Bring together every line in the data that includes "through".

Provided records |
▼

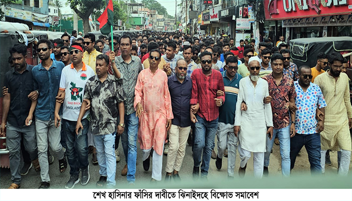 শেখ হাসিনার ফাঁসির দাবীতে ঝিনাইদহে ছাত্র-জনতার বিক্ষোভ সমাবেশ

▲
▼

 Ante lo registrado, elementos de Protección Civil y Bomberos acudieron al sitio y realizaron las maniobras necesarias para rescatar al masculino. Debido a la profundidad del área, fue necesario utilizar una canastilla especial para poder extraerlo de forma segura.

▲
▼

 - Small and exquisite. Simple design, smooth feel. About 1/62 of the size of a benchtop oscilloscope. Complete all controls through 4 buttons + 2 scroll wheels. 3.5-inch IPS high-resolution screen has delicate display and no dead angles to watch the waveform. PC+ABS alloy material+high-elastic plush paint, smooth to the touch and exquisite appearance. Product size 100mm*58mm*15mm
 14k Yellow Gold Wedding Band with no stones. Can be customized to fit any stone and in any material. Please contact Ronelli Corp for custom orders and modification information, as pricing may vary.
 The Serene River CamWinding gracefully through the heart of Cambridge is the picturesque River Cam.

▲

Your response |
 - Small and exquisite. Simple design, smooth feel. About 1/62 of the size of a benchtop oscilloscope. Complete all controls through 4 buttons + 2 scroll wheels. 3.5-inch IPS high-resolution screen has delicate display and no dead angles to watch the waveform. PC+ABS alloy material+high-elastic plush paint, smooth to the touch and exquisite appearance. Product size 100mm*58mm*15mm
 The Serene River CamWinding gracefully through the heart of Cambridge is the picturesque River Cam.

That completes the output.